I am strongly of the opinion that for macroscopic, classical, predictions GR must assume the dominant energy condition. Otherwise, you do NOT have (even approximately) geodesic motion or that matter follows timelike paths.
 
  • #11
PAllen said:
without dominant energy condition

You're right, the paper's "incompressible" model assumes constant energy density as pressure increases without bound, so it violates this condition.

However, I'm not sure violating the dominant energy condition is sufficient to avoid the conclusion of Einstein's theorem, at least not for the model presented in the paper. See below.

PAllen said:
without dominant energy condition, nothing at all prevents FTL matter flow in GR.

But the model in the paper assumes a static solution, so "FTL matter flow" is not present anyway. And IIRC, the key assumption of Einstein's theorem is staticity, not the dominant energy condition. (I don't have a source handy to check.)
 
  • #12
PeterDonis said:
But the model in the paper assumes a static solution, so "FTL matter flow" is not present anyway. And IIRC, the key assumption of Einstein's theorem is staticity, not the dominant energy condition. (I don't have a source handy to check.)
We might (or might not) be thinking of different Einstein papers. The one I was thinking of argued that to maintain an overall stationary state, below a radius outside the SC radius, FTL orbits would be needed somewhere.
 
  • #13
PeterDonis said:
IIRC, the key assumption of Einstein's theorem is staticity, not the dominant energy condition. (I don't have a source handy to check.)

I checked my copy of MTW, and in Box 23.2 they present the solution for a static, spherically symmetric star of uniform density (which, as already noted, obviously violates the dominant energy condition), including the limit I cited, which they give as ##2M/R < 8/9## (they don't credit Einstein with the theorem, though). The derivation makes it clear that no assumption of any energy condition is required.
 
  • #14
PAllen said:
The one I was thinking of argued that to maintain an overall stationary state, below a radius outside the SC radius, FTL orbits would be needed somewhere.

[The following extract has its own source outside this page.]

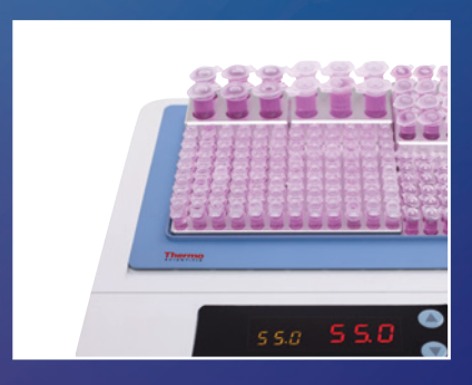
Compact Dry Bath / Block Heater pg 6

Ah, you're right, I might be mixing up who discovered what theorem. (That would explain why MTW didn't credit Einstein.) The MTW derivation I referred to is for a static solution; that's the one I was thinking of.
 
  • #15
PeterDonis said:
I checked my copy of MTW, and in Box 23.2 they present the solution for a static, spherically symmetric star of uniform density (which, as already noted, obviously violates the dominant energy condition), including the limit I cited, which they give as ##2M/R < 8/9## (they don't credit Einstein with the theorem, though). The derivation makes it clear that no assumption of any energy condition is required.
Thanks, I'll look at this after the weekend (I'm off for anniversary celebration), since I have this book.
 
  • #16
PeterDonis said:
This violates the theorem proved by Einstein in the 1930's, that no object can exist in static equilibrium with a radius of less than 9/4 of its mass (in geometric units--i.e., 9/8 of the Schwarzschild radius for its mass). So I'm immediately skeptical of whatever this approach is doing.

That's the reason I asked. I've seen this called the Buchdal's theorem.